§ Activity
Would you print the lines below exactly, beginning at the line that has "31549 14K YELLOW GOLD OVAL OPAL STUDS" and stopping after the line that has "O argentino Lucas"? Only those lines, and no pictures.

§ Exercise data
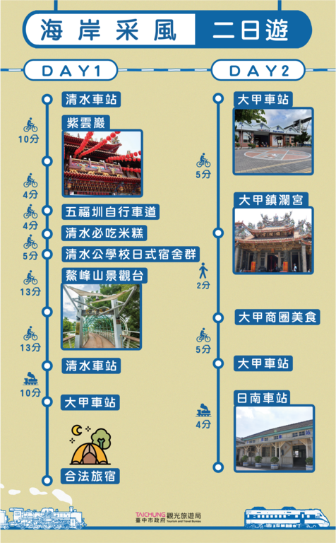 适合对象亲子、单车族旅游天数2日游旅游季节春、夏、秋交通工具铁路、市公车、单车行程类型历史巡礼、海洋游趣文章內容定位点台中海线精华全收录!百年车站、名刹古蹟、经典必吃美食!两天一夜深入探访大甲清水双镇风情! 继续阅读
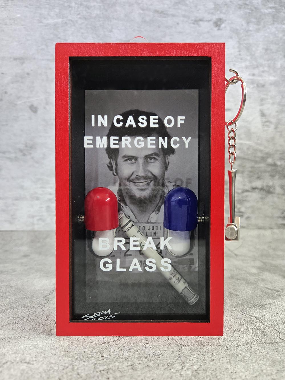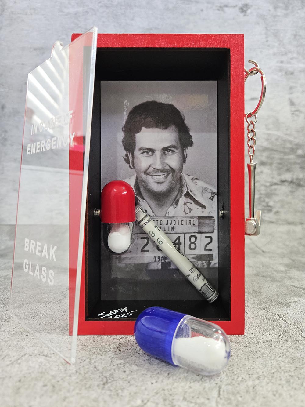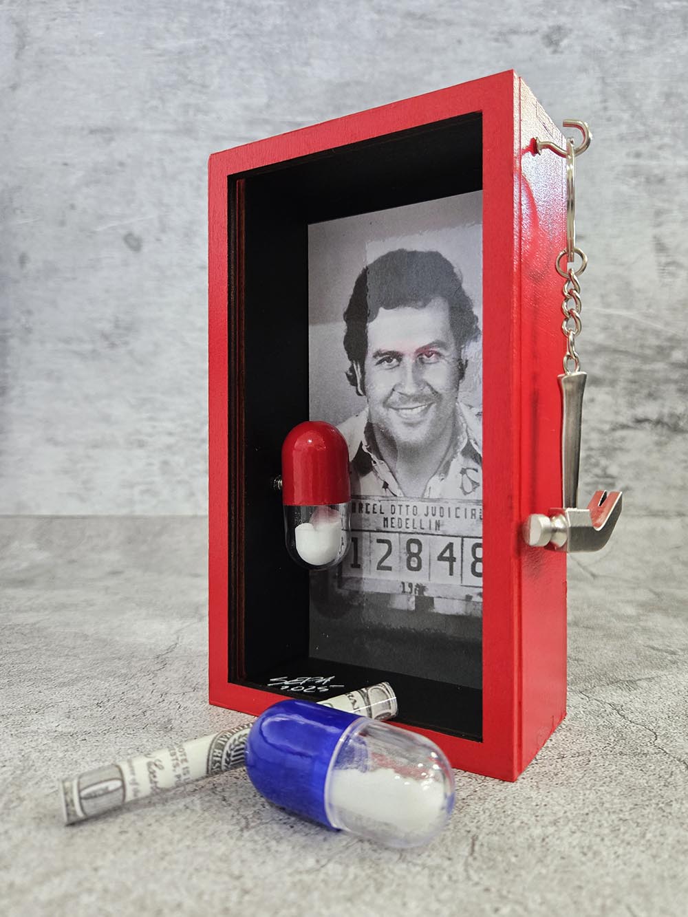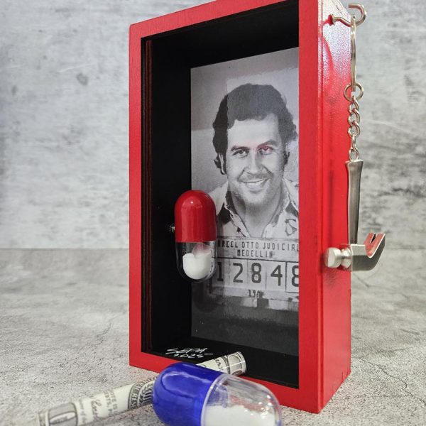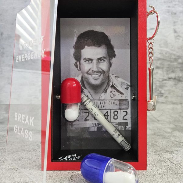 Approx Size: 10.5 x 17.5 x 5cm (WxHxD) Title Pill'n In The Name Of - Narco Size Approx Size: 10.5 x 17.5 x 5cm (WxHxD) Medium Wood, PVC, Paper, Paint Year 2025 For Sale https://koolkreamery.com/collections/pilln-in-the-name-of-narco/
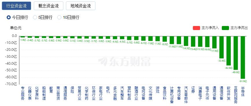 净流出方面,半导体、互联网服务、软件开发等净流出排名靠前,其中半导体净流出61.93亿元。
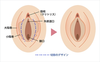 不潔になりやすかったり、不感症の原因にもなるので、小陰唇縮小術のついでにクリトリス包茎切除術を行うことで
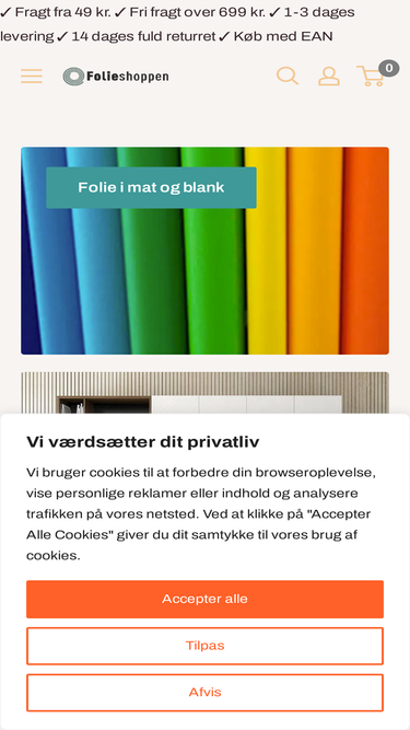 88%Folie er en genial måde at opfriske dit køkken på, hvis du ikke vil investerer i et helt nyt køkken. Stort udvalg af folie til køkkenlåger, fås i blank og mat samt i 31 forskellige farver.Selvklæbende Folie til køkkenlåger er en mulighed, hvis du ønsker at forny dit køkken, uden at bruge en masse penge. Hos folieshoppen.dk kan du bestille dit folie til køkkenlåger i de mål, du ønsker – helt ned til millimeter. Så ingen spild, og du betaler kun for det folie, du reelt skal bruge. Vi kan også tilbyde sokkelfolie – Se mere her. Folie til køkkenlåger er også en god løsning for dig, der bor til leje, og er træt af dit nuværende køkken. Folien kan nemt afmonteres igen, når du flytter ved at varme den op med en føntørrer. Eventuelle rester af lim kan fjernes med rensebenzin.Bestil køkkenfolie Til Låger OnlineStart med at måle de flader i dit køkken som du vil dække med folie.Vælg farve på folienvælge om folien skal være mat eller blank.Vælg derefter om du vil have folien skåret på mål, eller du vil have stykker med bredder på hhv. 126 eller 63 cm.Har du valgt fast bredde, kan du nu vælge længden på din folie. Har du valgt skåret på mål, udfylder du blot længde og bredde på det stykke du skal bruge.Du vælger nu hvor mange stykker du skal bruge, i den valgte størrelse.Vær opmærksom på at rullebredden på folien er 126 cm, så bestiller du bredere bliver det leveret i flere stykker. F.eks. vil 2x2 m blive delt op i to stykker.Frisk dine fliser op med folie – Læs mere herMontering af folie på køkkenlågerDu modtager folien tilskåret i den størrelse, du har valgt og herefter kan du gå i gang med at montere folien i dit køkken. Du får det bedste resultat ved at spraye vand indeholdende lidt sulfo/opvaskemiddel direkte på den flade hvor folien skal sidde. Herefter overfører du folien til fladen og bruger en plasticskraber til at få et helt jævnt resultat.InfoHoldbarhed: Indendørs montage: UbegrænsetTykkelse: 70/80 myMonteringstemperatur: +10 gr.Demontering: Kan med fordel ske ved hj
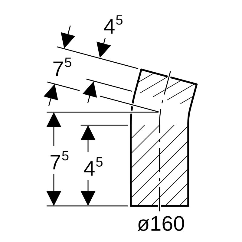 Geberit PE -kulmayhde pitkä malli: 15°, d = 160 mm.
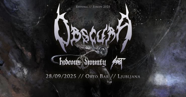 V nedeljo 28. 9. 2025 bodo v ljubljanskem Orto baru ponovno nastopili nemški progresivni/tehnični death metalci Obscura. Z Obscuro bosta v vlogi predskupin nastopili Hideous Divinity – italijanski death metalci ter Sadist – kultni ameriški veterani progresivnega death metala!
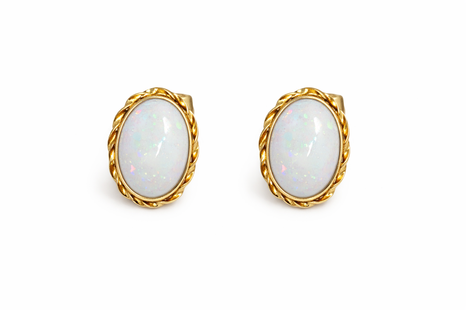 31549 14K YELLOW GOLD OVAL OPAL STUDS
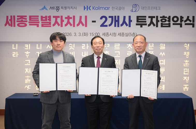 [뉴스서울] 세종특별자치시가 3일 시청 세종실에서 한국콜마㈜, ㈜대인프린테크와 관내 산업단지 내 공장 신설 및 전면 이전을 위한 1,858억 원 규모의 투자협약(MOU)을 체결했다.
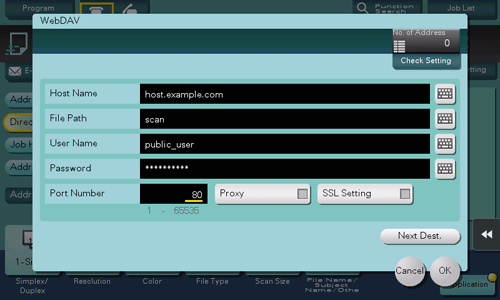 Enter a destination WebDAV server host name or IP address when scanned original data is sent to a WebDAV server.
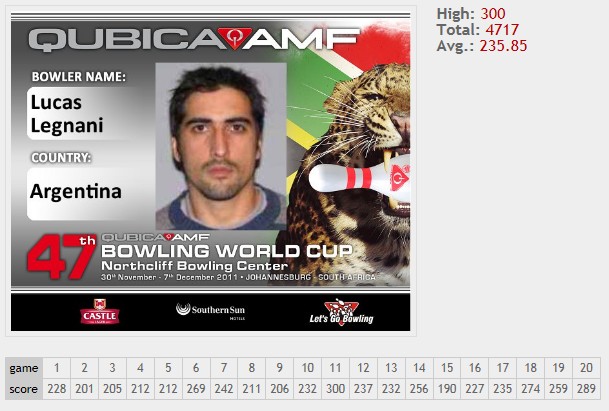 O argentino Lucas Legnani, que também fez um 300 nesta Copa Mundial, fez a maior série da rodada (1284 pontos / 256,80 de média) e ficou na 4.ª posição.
==
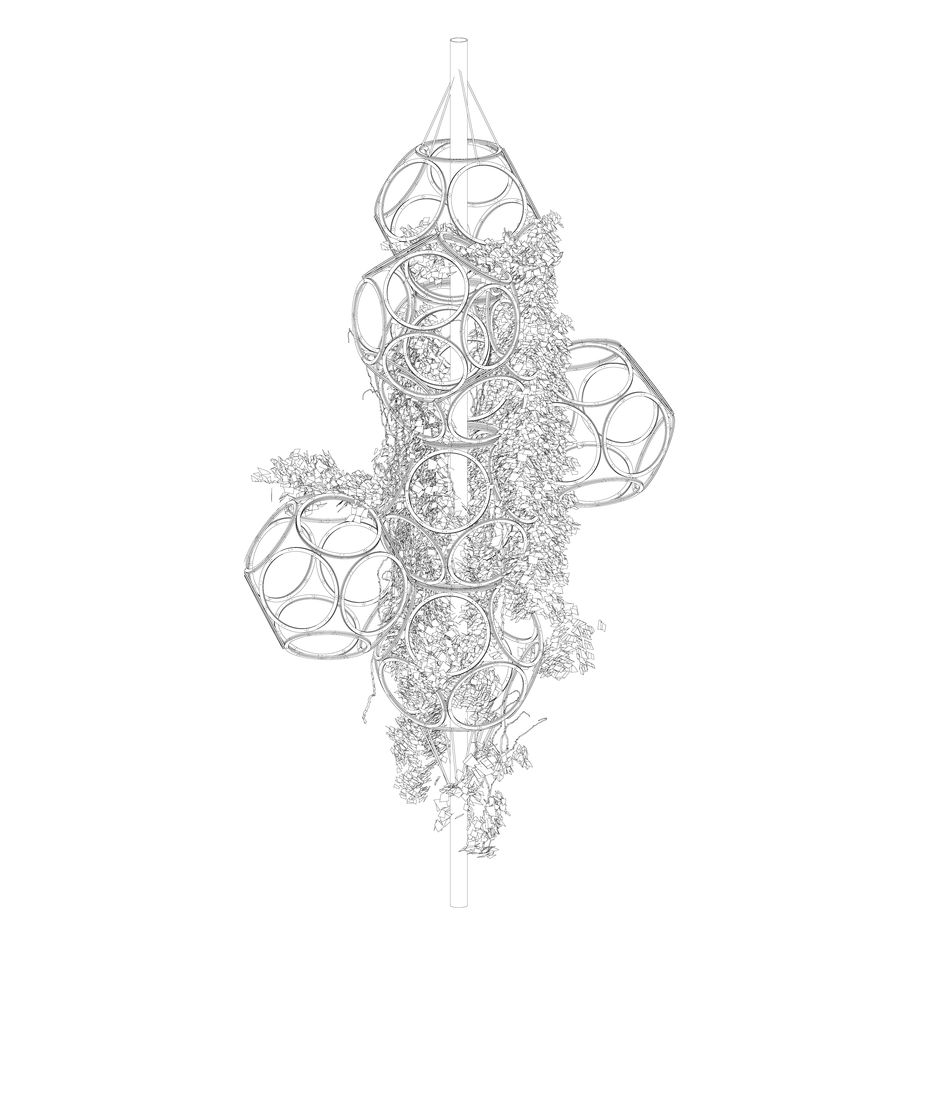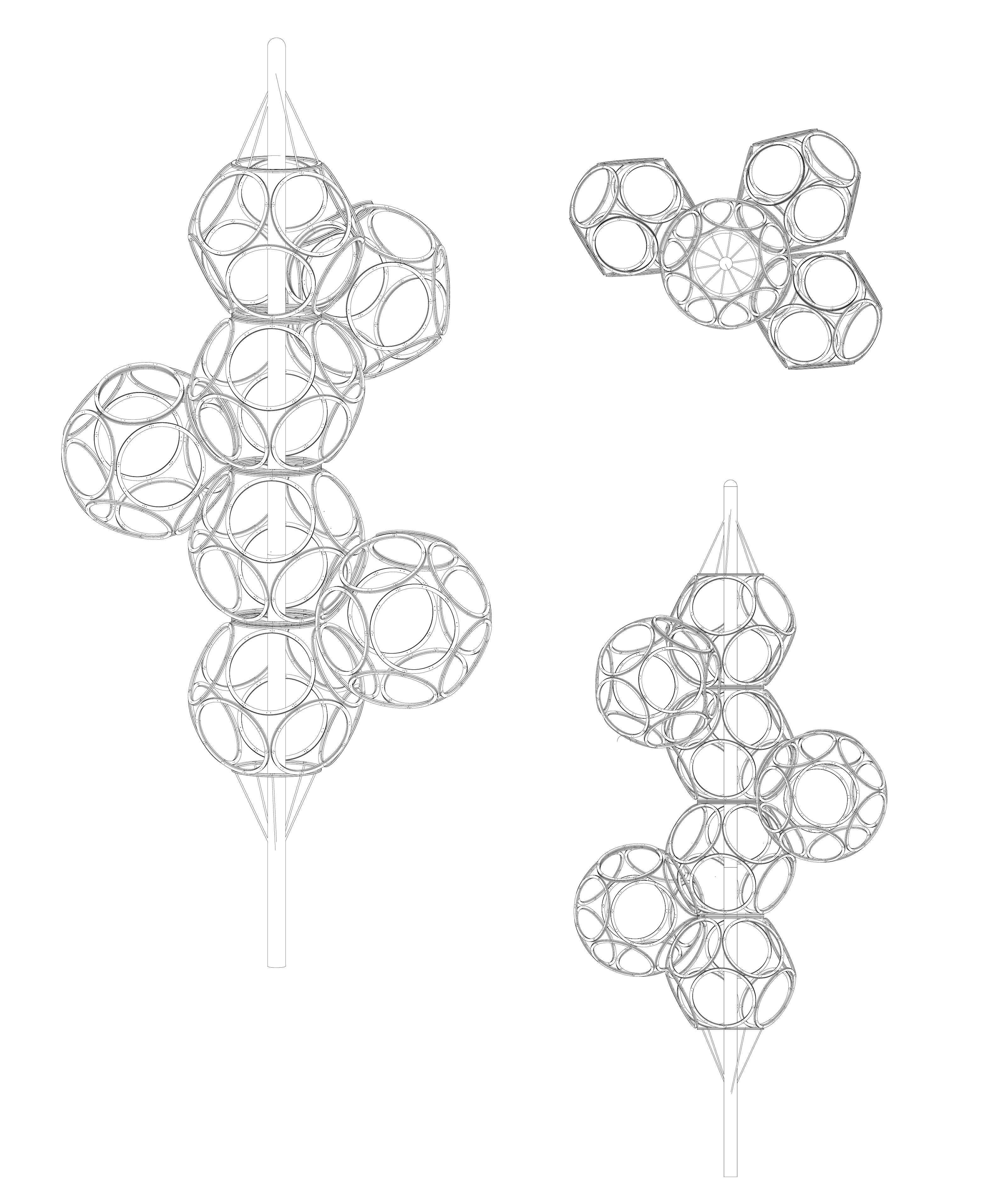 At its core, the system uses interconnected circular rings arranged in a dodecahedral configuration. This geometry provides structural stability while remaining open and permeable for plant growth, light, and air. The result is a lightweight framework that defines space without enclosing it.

§ Answer box
 31549 14K YELLOW GOLD OVAL OPAL STUDS
 [뉴스서울] 세종특별자치시가 3일 시청 세종실에서 한국콜마㈜, ㈜대인프린테크와 관내 산업단지 내 공장 신설 및 전면 이전을 위한 1,858억 원 규모의 투자협약(MOU)을 체결했다.
 Enter a destination WebDAV server host name or IP address when scanned original data is sent to a WebDAV server.
 O argentino Lucas Legnani, que também fez um 300 nesta Copa Mundial, fez a maior série da rodada (1284 pontos / 256,80 de média) e ficou na 4.ª posição.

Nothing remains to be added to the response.